One-Directional Loss
Potentially, when specifying your loss, what you really want are designs that are that strong or more extreme. Basically, you want to make sure that the designs are at least some minimum strength but if the procedure is able to be better than that, even better! There are a few ways that this can be specified. First, we can just say that we will not penalize designs that are greater than the target value.
[25]:
def one_directional_loss(y_hat, y_bar):
return torch.where(y_hat < y_bar, torch.nn.MSELoss(reduction='none')(y_hat, y_bar), torch.zeros_like(y_hat)).mean()
y_bar = torch.tensor([[7.0]])
X_bar = ledidi(bpnet_ctcf, X, y_bar, l=0, output_loss=one_directional_loss, verbose=True)
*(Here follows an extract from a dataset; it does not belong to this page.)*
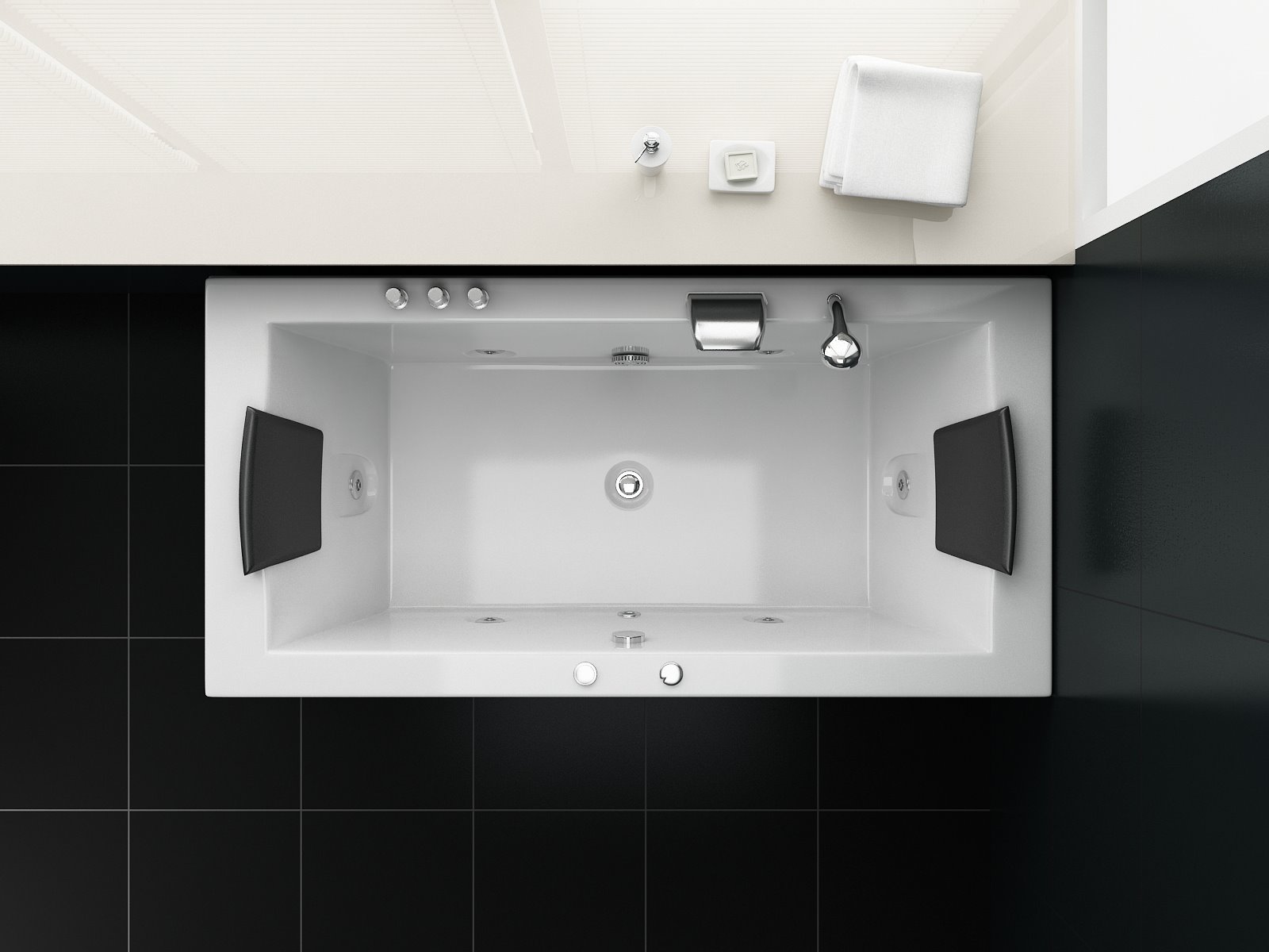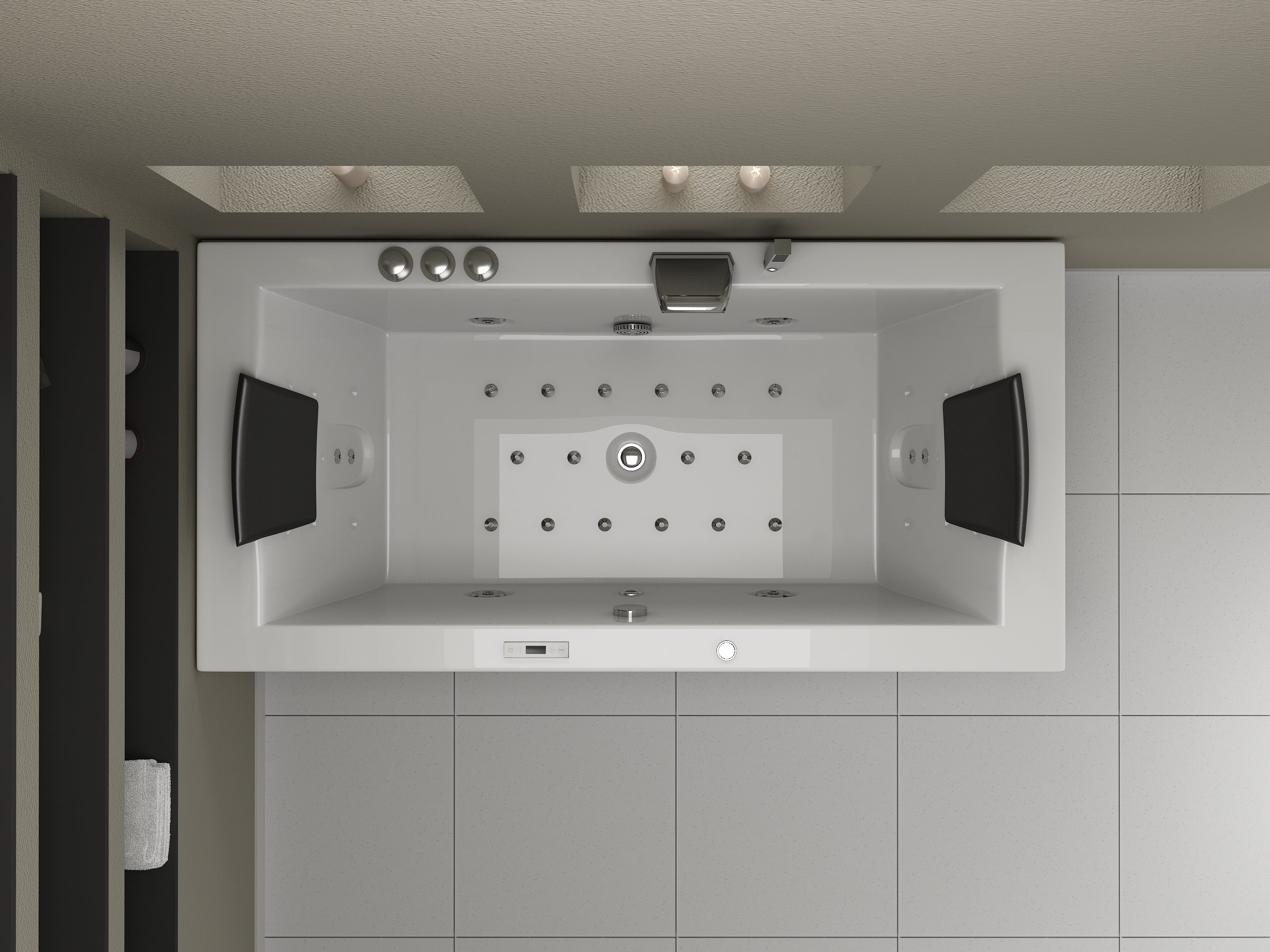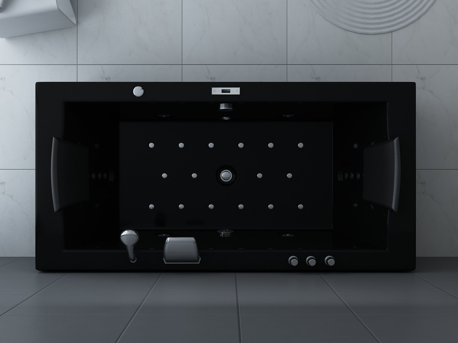 Aantal:1 <br /> Merk:Vonato <br /> Productnaam:Massagebad <br /> Type:RT1802.1BM.OB <br /> Model:Half vrijstaand <br /> Afmeting:1830x900x720mm <br /> Kleur:Hoogglans wit <br /> Waterjets:4 Grote waterjets en 16 airbubble jets. <br /> Voorzien van:Gegalvaniseerd stalen frame - Computer panel - Handdouche - 2 Hoofdkussens - LED-verlichting (7 stuks) - Luchtpomp - Verchroomd RVS Kraan/ waterval. Heater, Ozone, Thermostatische kraan <br /> <br /> Conditie: Nieuw <br /> Ter waarde van: € 4.295,00

y_hat = predict(bpnet_ctcf, X_bar)
y_hat.mean()
iter=I input_loss=0.0 output_loss=45.93 total_loss=45.93 time=0.0
iter=100 input_loss=808.9 output_loss=0.7674 total_loss=0.7674 time=1.184
iter=200 input_loss=563.3 output_loss=0.0157 total_loss=0.0157 time=1.181
iter=F input_loss=795.7 output_loss= 0.0 total_loss= 0.0 time=2.884
[25]:
tensor(7.3477)
Another way that we could do this is to offer a reward for being above the desired output that is not as strong as the penalty for being below it.
[26]:
def one_directional_loss(y_hat, y_bar):
mse = torch.nn.MSELoss(reduction='none')(y_hat, y_bar)
return torch.where(y_hat < y_bar, mse, -0.1 * mse).mean()
y_bar = torch.tensor([[7.0]])
X_bar = ledidi(bpnet_ctcf, X, y_bar, l=0, output_loss=one_directional_loss, verbose=True)
y_hat = predict(bpnet_ctcf, X_bar)
y_hat.mean()
iter=I input_loss=0.0 output_loss=45.93 total_loss=45.93 time=0.0
iter=100 input_loss=782.8 output_loss=0.03437 total_loss=0.03437 time=1.181
iter=200 input_loss=606.1 output_loss=-0.002722 total_loss=-0.002722 time=1.178
iter=300 input_loss=857.7 output_loss=-0.8195 total_loss=-0.8195 time=1.18
iter=400 input_loss=971.6 output_loss=-1.479 total_loss=-1.479 time=1.178
iter=500 input_loss=1.018e+03 output_loss=-2.272 total_loss=-2.272 time=1.179
iter=600 input_loss=1.055e+03 output_loss=-2.686 total_loss=-2.686 time=1.177
iter=700 input_loss=1.092e+03 output_loss=-3.353 total_loss=-3.353 time=1.179
iter=800 input_loss=1.117e+03 output_loss=-3.812 total_loss=-3.812 time=1.178
iter=900 input_loss=1.145e+03 output_loss=-4.589 total_loss=-4.589 time=1.178
iter=1000 input_loss=1.16e+03 output_loss=-5.064 total_loss=-5.064 time=1.18
iter=F input_loss=1.159e+03 output_loss=-5.171 total_loss=-5.171 time=11.79
[26]:
tensor(14.1902)
In both examples, we set lambda to 0 so that we can see the true effects, but balancing lambda with the other terms of the loss will be important for design in practice. Regardless, this is just another example of how creative one can be when coming up with custom losses.